=== DATA EXCERPT ===
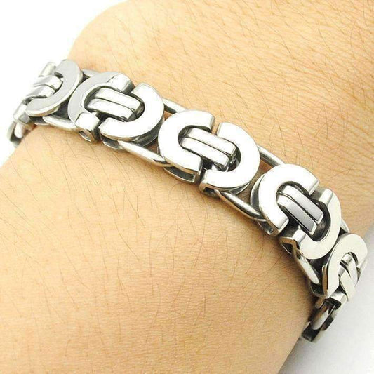 Alpha 11mm Flat Byzantine Link 18K Gold Plated or Stainless Steel Bracelet
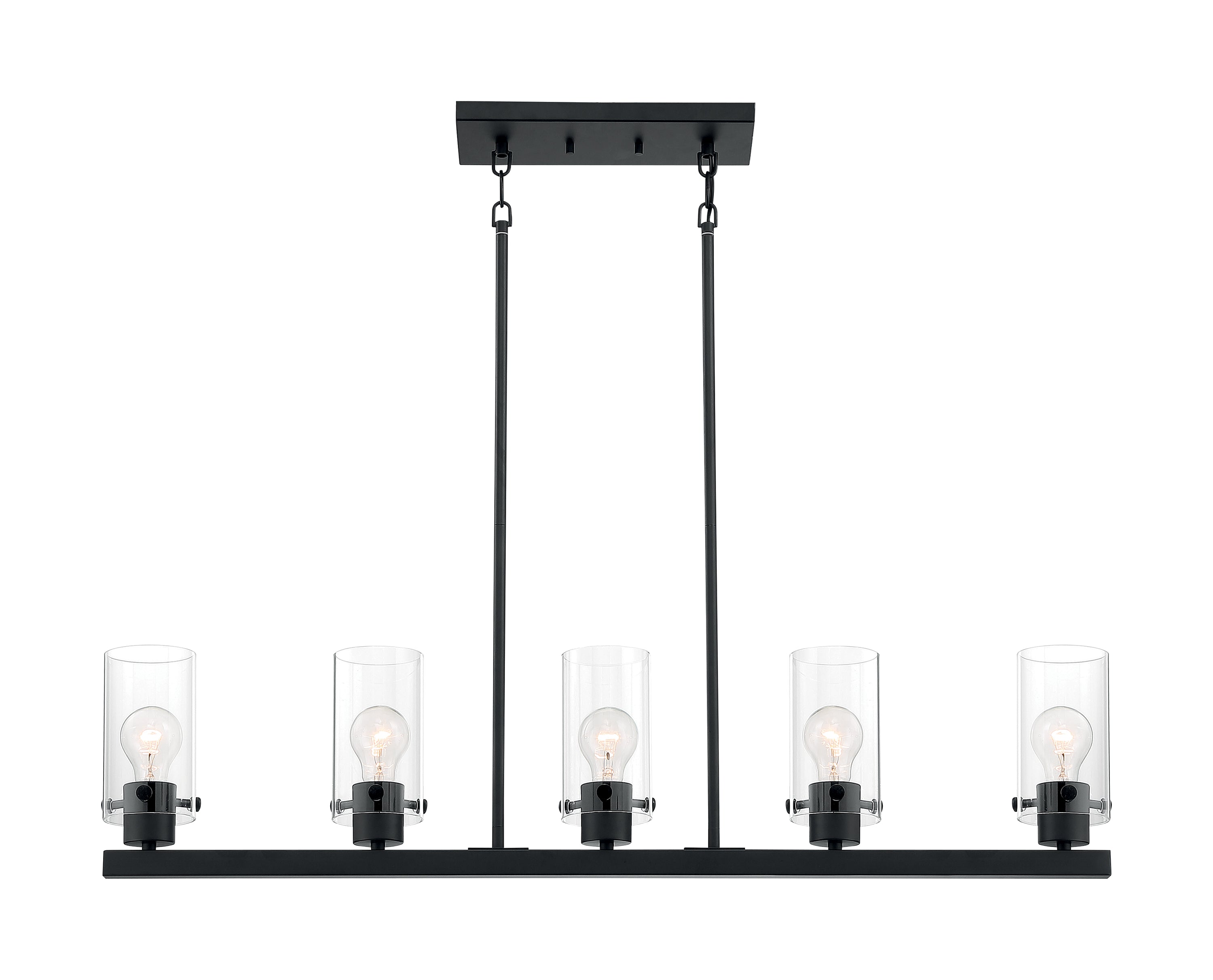 The Sommerset five-light island pendant complements both modern and transitional styles. Five bulbs sit inside clear glass, for a sleek, streamlined design. The Sommerset is the perfect light source over an island or other linear designs.
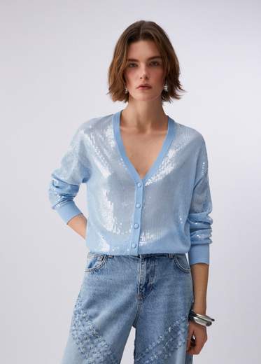 Cardigan con paillettes.Tessuto principale: 70% Viscosa, 30% Poliammide| Ricami e decorazioni: 100% Poliestere
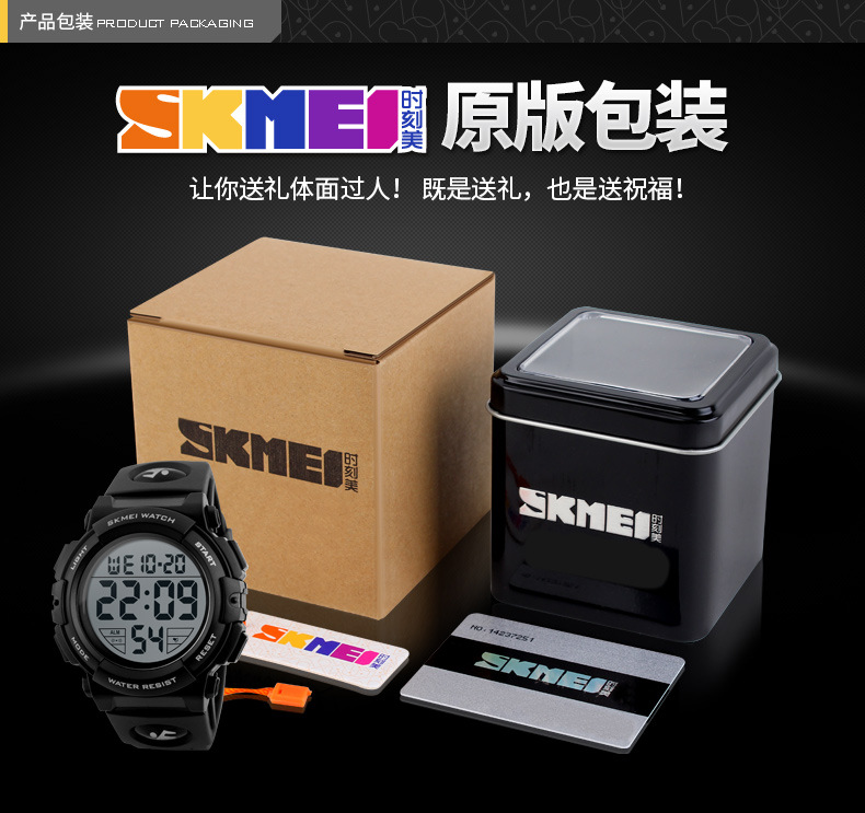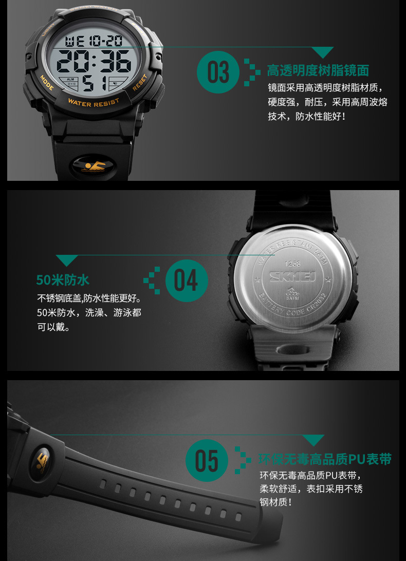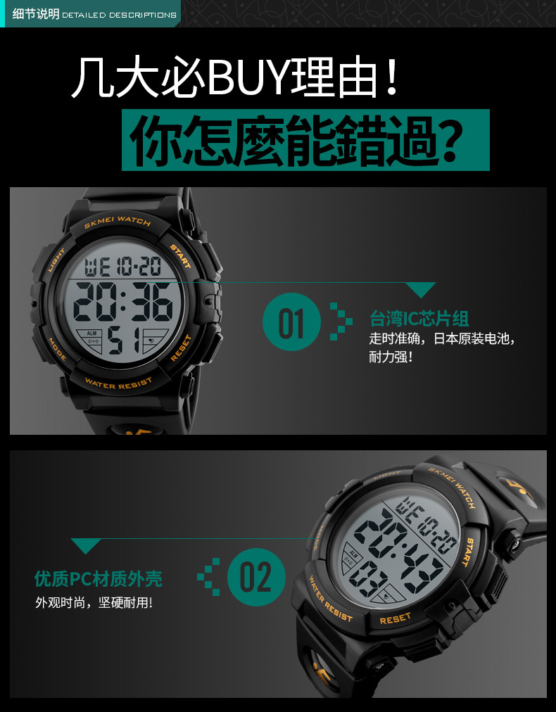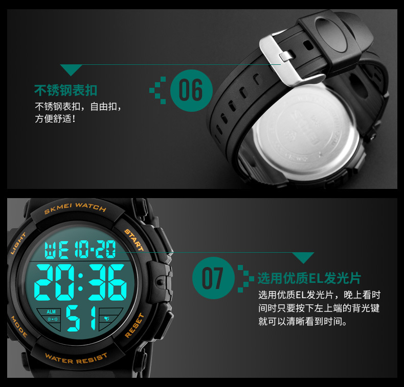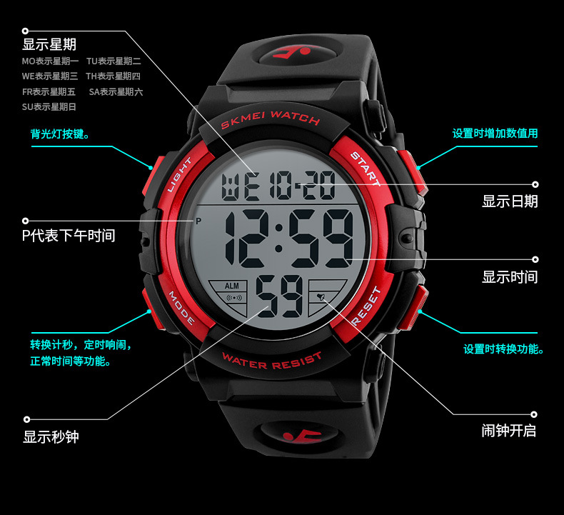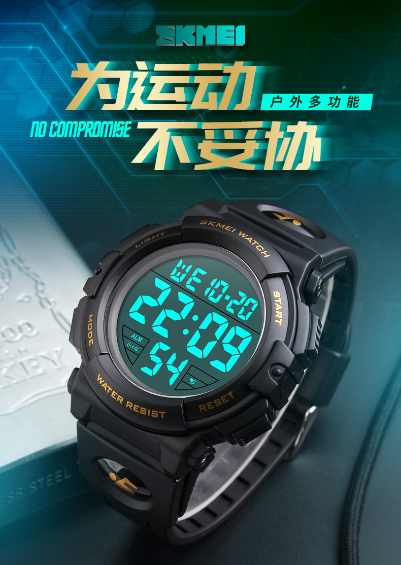 时刻美男士大表盘防水手表多功能电子手表户外运动男学生潮流腕表

=== DIRECTIONS ===
The material above is to be output exactly, with each picture left out.

=== EXERCISE RESULT ===
 Alpha 11mm Flat Byzantine Link 18K Gold Plated or Stainless Steel Bracelet
 The Sommerset five-light island pendant complements both modern and transitional styles. Five bulbs sit inside clear glass, for a sleek, streamlined design. The Sommerset is the perfect light source over an island or other linear designs.
 Cardigan con paillettes.Tessuto principale: 70% Viscosa, 30% Poliammide| Ricami e decorazioni: 100% Poliestere
 时刻美男士大表盘防水手表多功能电子手表户外运动男学生潮流腕表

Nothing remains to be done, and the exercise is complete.